Эко: Я не моралист, я реалист. Проблема в большей мере не в том, поступают ли США или НАТО справедливо, когда они в результате военного удара убивают невинных людей. Проблема в том, и Буш это понимает, что они своей военной операцией могут спровоцировать возможные ответные удары террористов, подобные тем, что были совершены в Нью-Йорке и Вашингтоне. Американцы могли бы сказать: "О"кей, давайте нанесем бомбовый удар по Мекке! Если Вы не хотите, чтобы мы наносили удар по вашим священным местам, помогите нам". Но даже если подвергнуть бомбардировке Мекку, это было бы равноценно объявлению войны против всех мусульман.
"FR": Папа предостерегает от мести. Однако, разве, это не неизбежно, когда жертва является одновременно и судьей?
Эко: Есть разница между справедливостью и возмездием. Если это так, что бен Ладен несет ответственность за террористические акты, к чему я тоже склоняюсь, хотя это и не доказано, если, таким образом, войскам удастся взять бен Ладена и предать суду, это была бы справедливость, а не месть. Проблемой, собственно, является не бен Ладен, а то, что большая часть арабов верит, будто они уже ведут войну с США. И эту веру уже не изменят бомбардировки Кабула или Багдада.
"FR": Можно ли вообще как-то повлиять на эти чувства?
Эко: Что касается взрослых, то уже поздно. Мы должны сейчас подумать о следующих поколениях.
"FR": Напоминает ли Вам террористический акт средневековую резню?
Эко: Для того, чтобы уничтожить тысячи людей в средневековые времена нужно было два или три дня. Каждый в отдельности тогда имел надежду спастись. Новая форма резни не дает возможности спастись никому. Тот, кто случайно оказался в данном месте, должен умереть.
"FR": Смертями во имя господа Бога отличалось, скорее, средневековье. Не проявляет ли себя сегодня религия снова со своей страшной стороны?

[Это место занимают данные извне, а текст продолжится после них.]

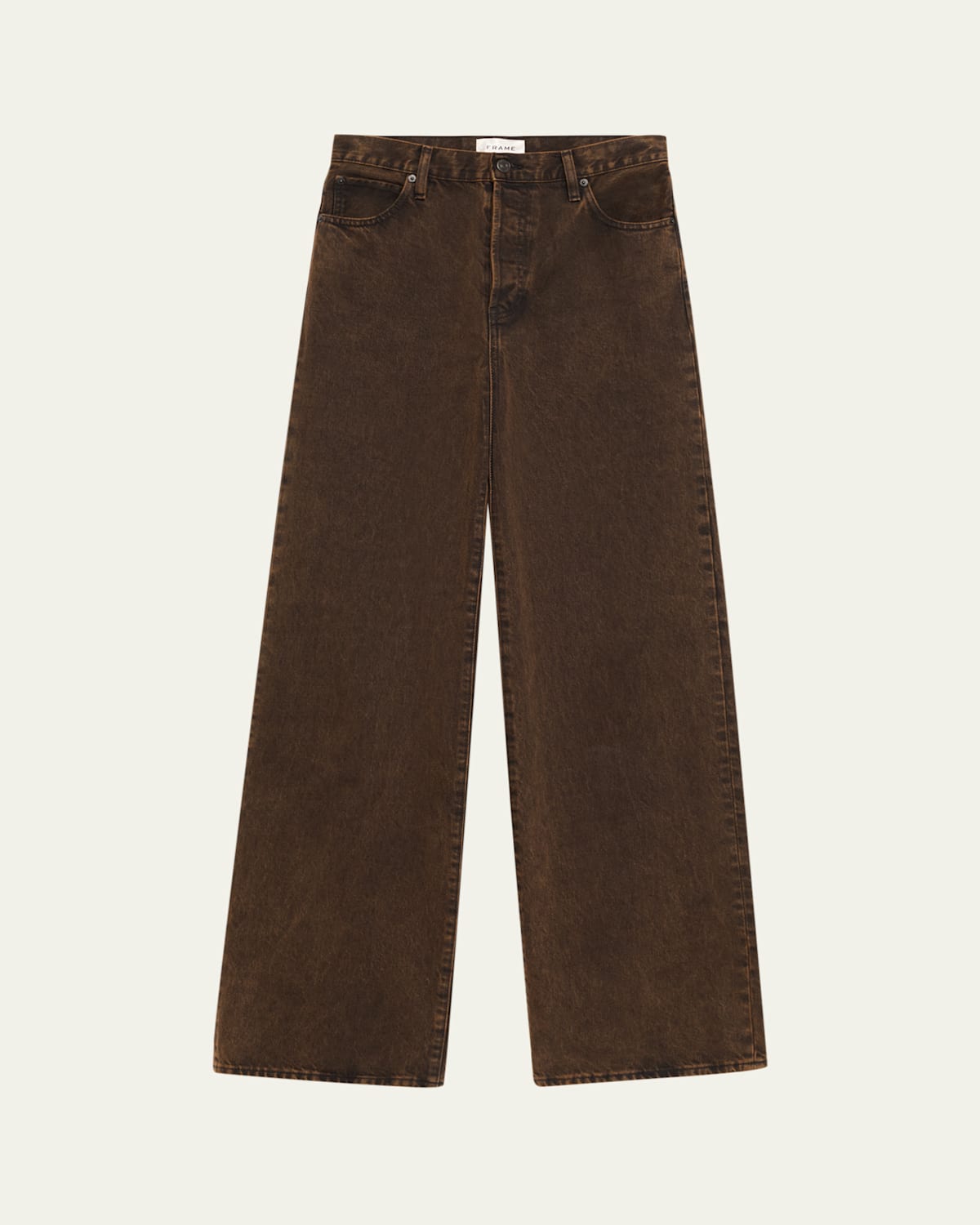 FRAME "The Collegiate" wideleg jeans in brown regenerative denim Approx. 12.5" rise; 32" inseam High rise Fivepocket style Relaxed, baggy fit Full length Button/zip fly; belt loops Cotton Machine wash cold Imported

Эко: Во время моей лекции в Вене сломался микрофон, и я ради шутки сказал: "В мире больше нет религий". Все засмеялись. Меня это заставило задуматься. Если раньше случалось что-то страшное, говорили: "Веры не стало". Сегодня, как кажется, катастрофы происходят потому, что этой веры слишком много.
"FR"; Джордж Буш разбирается в средневековой истории, и он призвал к "новому крестовому походу".
Эко: Один итальянский священник, который консультировал Берлускони, говорит тоже о крестовом походе, поскольку ислам всегда был врагом христианства. Крестовый поход был бы самой большой ошибкой, которую мы могли бы совершить. Мы не можем ставить на одну доску фундаментализм и терроризм с исламом. Ислам базируется на толерантности. Когда Салладин (Salladin) завоевал Иерусалим, он разрушил только священников. Они были для него все равно, что эсэсовцы нашего времени. Однако остальных он оставил в живых. Если мы начнем крестовый поход, мы повергнем мир в состояние постоянной войны. Крестовый поход сегодня не ограничивался бы какими-то отдельными территориями. Сколько мусульман живет в США и Европе?. Крестовый поход был бы сумасшествием и опасным делом.